(Stored entries)
▶

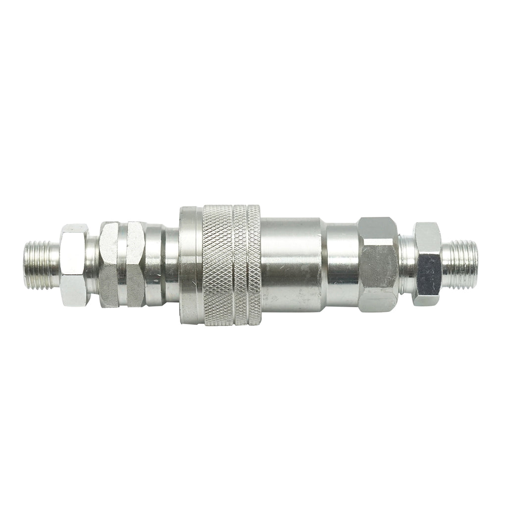 ÁTMENŐ SZELEP ANYA-APA KÚPOS CSATLAKOZÁSSAL, M20 MENETTEL, M16X20 ÁTALAKÍTÓKKAL (1/2" GYORSCSATLAKOZÓ ANYA+APA KÉSZLET), 92,8X37X29,6 MM egy kúpos kialakítású átmenőszelep készlet, amely tartalmazza az 1/2 colos anya- és apaelemeket. A készlet M20-as kúpos csatlakozással rendelkezik, valamint M16x20-as redukciókkal van ellátva. Kompakt mérete lehetővé teszi a könnyű beépítést hidraulikus rendszerekbe.
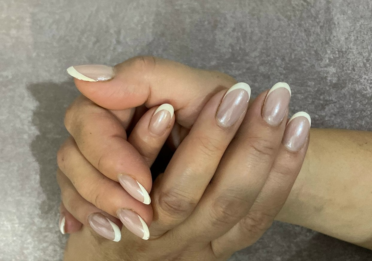 Микрофренч - ультратонкая белая линия на коротких ногтях. Выглядит изящно и актуально.
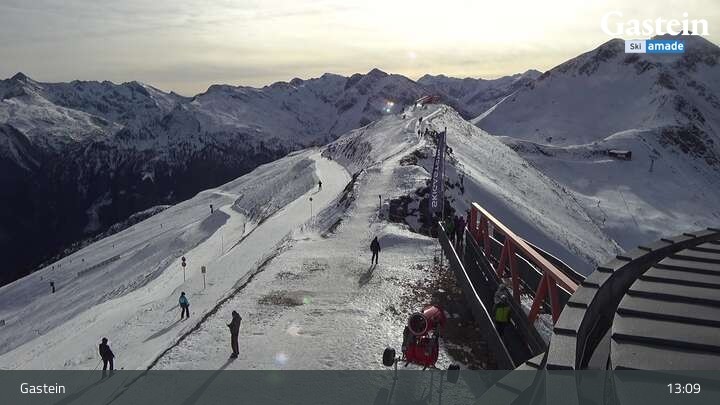 Die Webcam blickt von der Südseite der Bergstation am Stubnerkogel auf die umliegende Bergwelt von Bad Gastein.
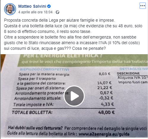 Questa è una bufala, la bolletta che Salvini mostra riporta:
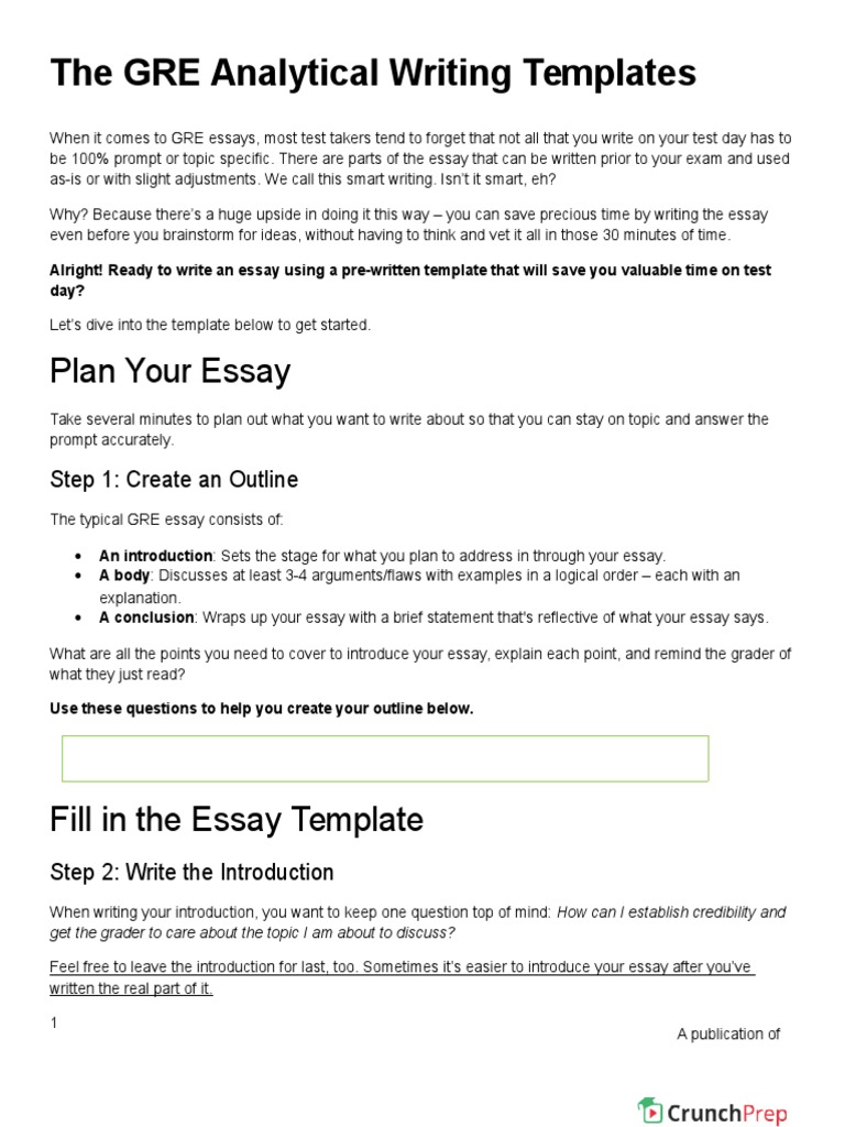 The gre analytical writing templates when it comes to gre essays most test takers tend to forget that not all that you write on your test day has to be 100 prompt or topic specific.
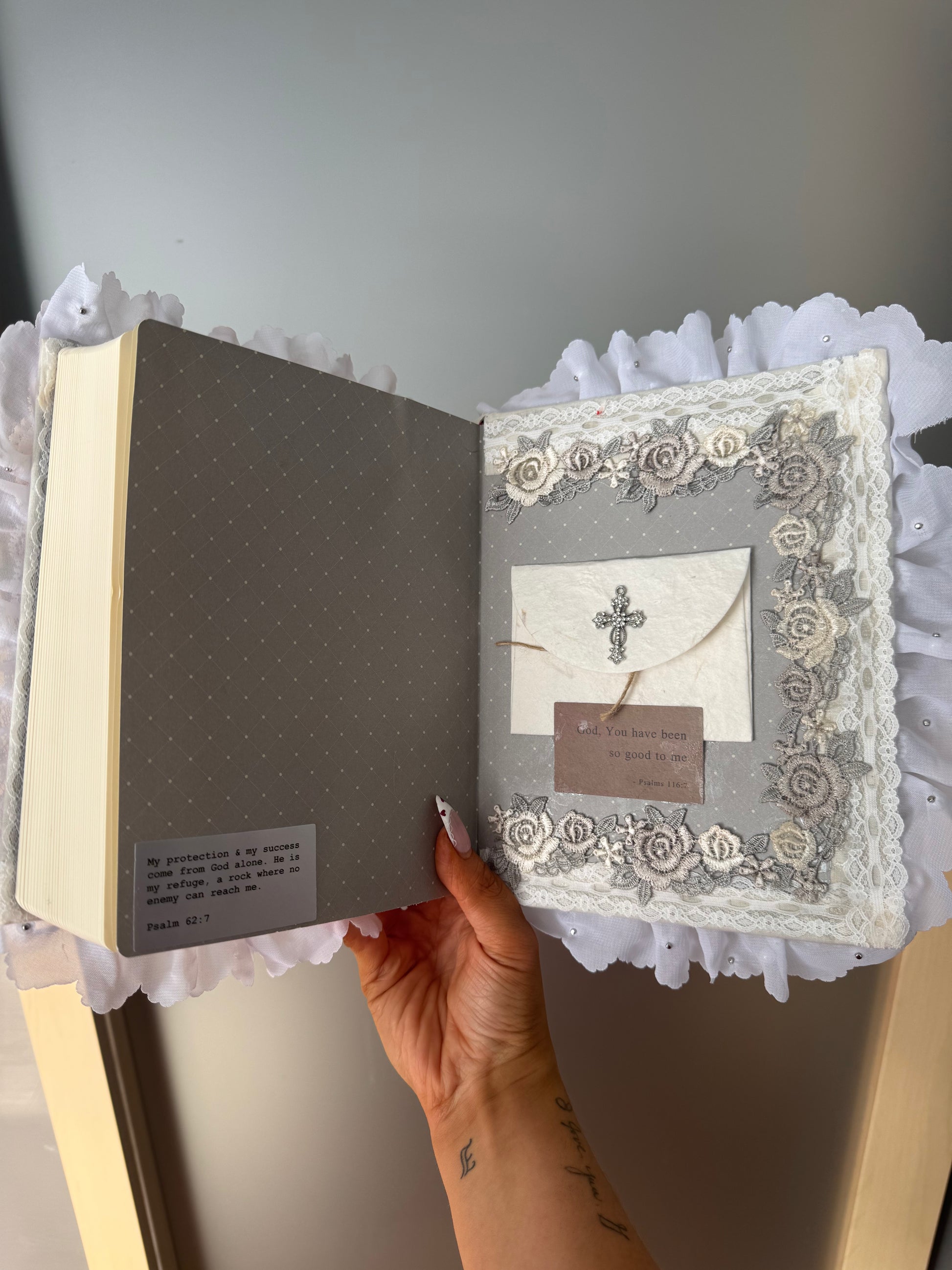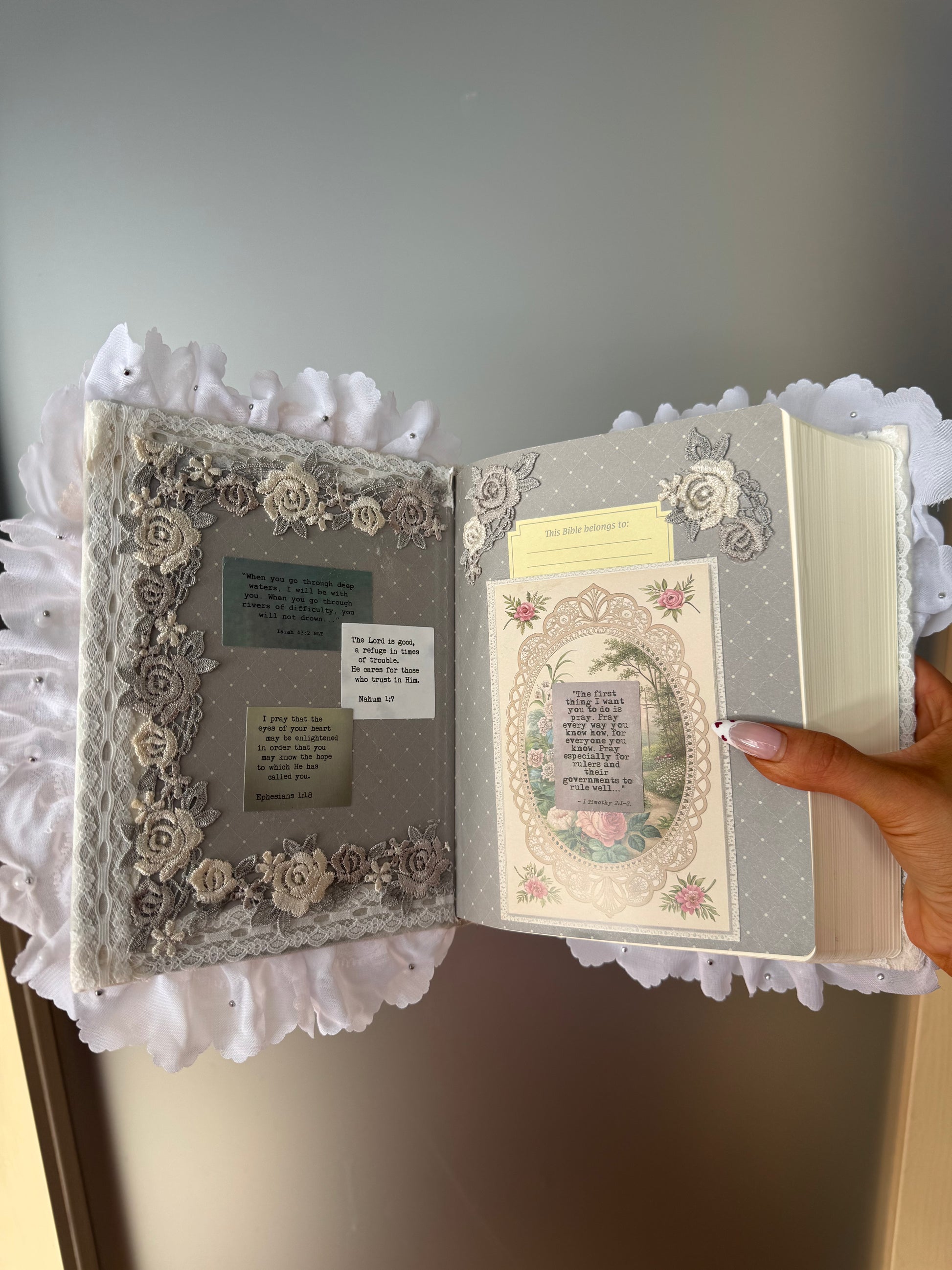 This one of a kind, study bible, that is fully functional with an elegant touch. From pearls to florals, golds, neutrals and lace. This bible is ready for you!
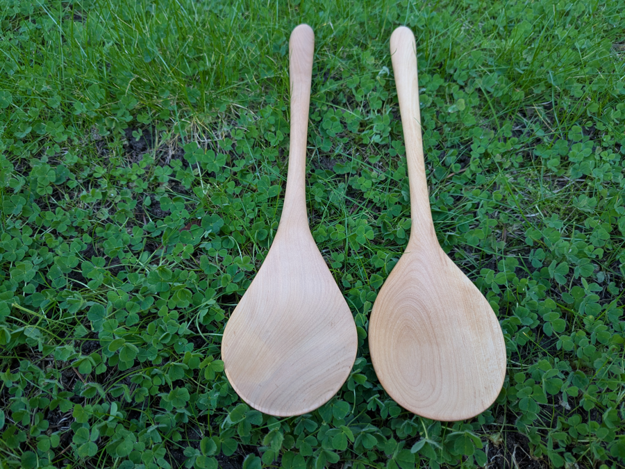 The spoons are also madrona, both exhibit lovely grain. These are very durable kitchen implements. They have a slight curve in the handle for reaching down into a serving bowl. The spoons are just under 13” long with the bowls being approximately 2 ½” wide by 3 ½” long
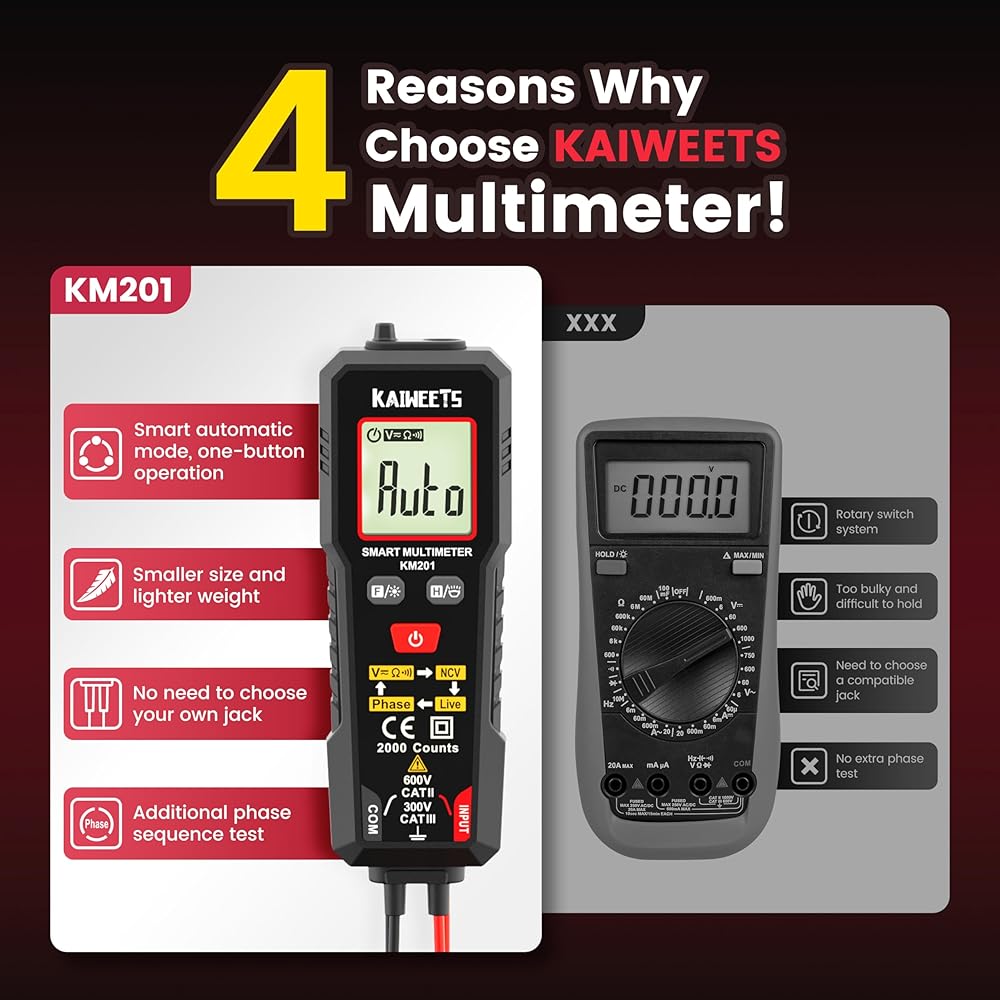 KAIWEETS Smart Multimeter TRMS 2000 Counts، الفولتميتر مع NCV يقيس جهد التيار المتردد DC، المقاومة، الاستمرارية، المرحلة، جهاز اختبار الجهد الكهربائي المحمول مع حامل يؤدي للمنزل، اختبار ورشة العمل
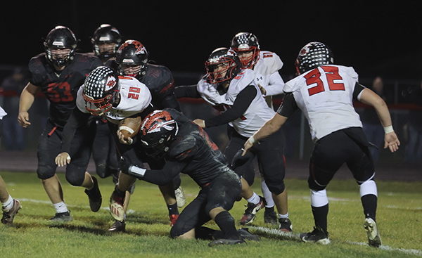 Soph running back Ethan Mauller fights for yards in playoff game at Indian Lake.
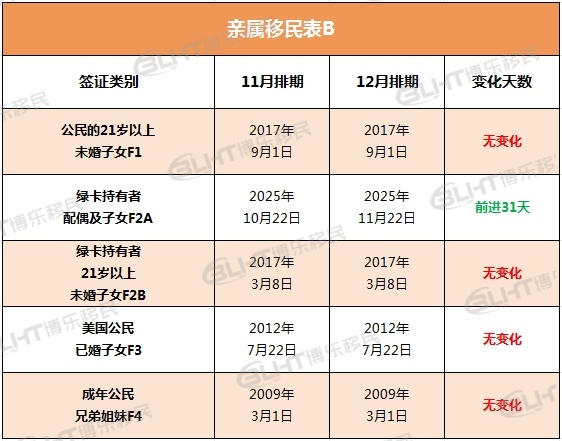 绿卡持有者配偶及子女F2A:表A无变化,停留在2024年2月1日;表B前进31天,来到2025年11月22日。
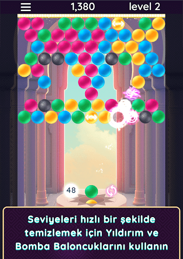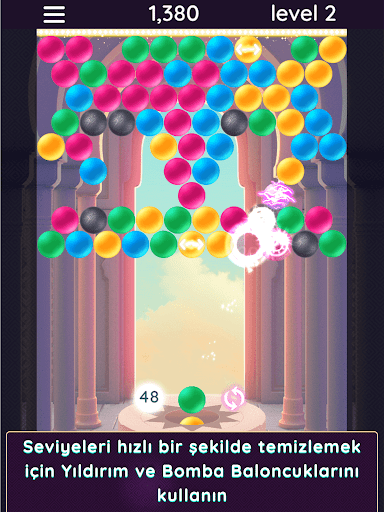 🟠 Daha eğlenceli ve stratejik oyun için yıldırım, bomba ve buz baloncukları
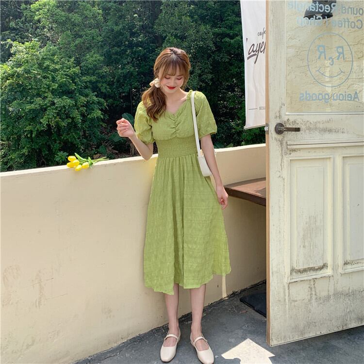 全2色 ワンピース ミモレ丈 半袖 Vネック ギャザー タック ワッフル ウエストゴム フェミニン レディース 大人 かわいい エレガント 清楚 姫系 上品 春 夏
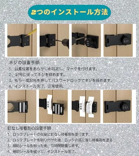 【使いやすい】 ダイヤルロックドア 鍵 設置方向は左右どちらでもOK。自分のお好みで左右にパスワードロックの設置位置をお決め頂けます。部屋 鍵 2つ穴のボトムディスクデザインは、ネジまたは接着剤で取り付けることができます。ねじは各種の木製の部屋のドアにご使用できます。接着剤はあまし強くないのでお子様のイタズラ防止程度とご理解下さい。 取り付け方法写真でご参考ください。
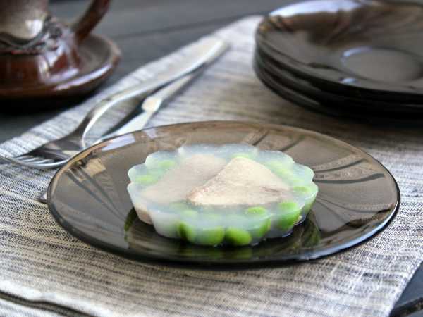 Готовое заливное перед подачей выложить на тарелку и можно приступать к ужину!
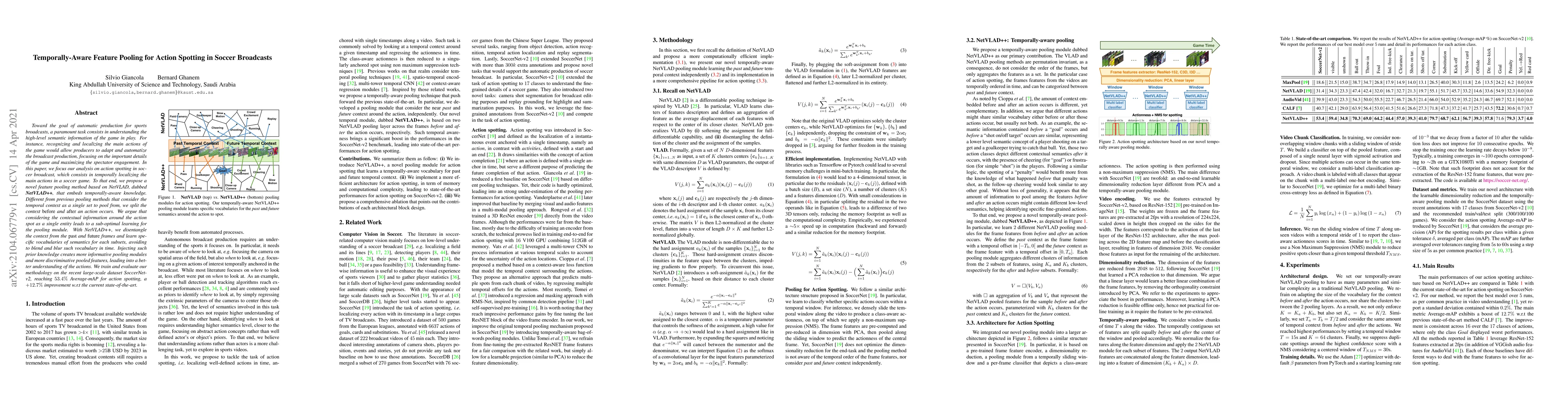 Toward the goal of automatic production for sports broadcasts, a paramount task consists in understanding the high-level semantic information of the game in play. For instance, recognizing and localizing the main actions of the game would allow producers to adapt and automatize the broadcast production, focusing on the important details of the game and maximizing the spectator engagement. In this paper, we focus our analysis on action spotting in soccer broadcast, which consists in temporally localizing the main actions in a soccer game. To that end, we propose a novel feature pooling method based on NetVLAD, dubbed NetVLAD++, that embeds temporally-aware knowledge. Different from previous pooling methods that consider the temporal context as a single set to pool from, we split the context before and after an action occurs. We argue that considering the contextual information around the action spot as a single entity leads to a sub-optimal learning for the pooling module. With NetVLAD++, we disentangle the context from the past and future frames and learn specific vocabularies of semantics for each subsets, avoiding to blend and blur such vocabulary in time. Injecting such prior knowledge creates more informative pooling modules and more discriminative pooled features, leading into a better understanding of the actions. We train and evaluate our methodology on the recent large-scale dataset SoccerNet-v2, reaching 53.4% Average-mAP for action spotting, a +12.7% improvement w.r.t the current state-of-the-art.
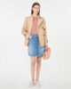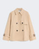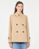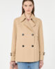 Trench corto doppiopetto caratterizzato dalla patta antivento anteriore e dai cinturini ai polsi.

◀

**TO DO**. The answer must be an exact copy of the lines from the start of the records above through the line containing "Микрофренч - ультратонкая", with no pictures in it.

**SOLUTION TO THE EXERCISE**.
 ÁTMENŐ SZELEP ANYA-APA KÚPOS CSATLAKOZÁSSAL, M20 MENETTEL, M16X20 ÁTALAKÍTÓKKAL (1/2" GYORSCSATLAKOZÓ ANYA+APA KÉSZLET), 92,8X37X29,6 MM egy kúpos kialakítású átmenőszelep készlet, amely tartalmazza az 1/2 colos anya- és apaelemeket. A készlet M20-as kúpos csatlakozással rendelkezik, valamint M16x20-as redukciókkal van ellátva. Kompakt mérete lehetővé teszi a könnyű beépítést hidraulikus rendszerekbe.
 Микрофренч - ультратонкая белая линия на коротких ногтях. Выглядит изящно и актуально.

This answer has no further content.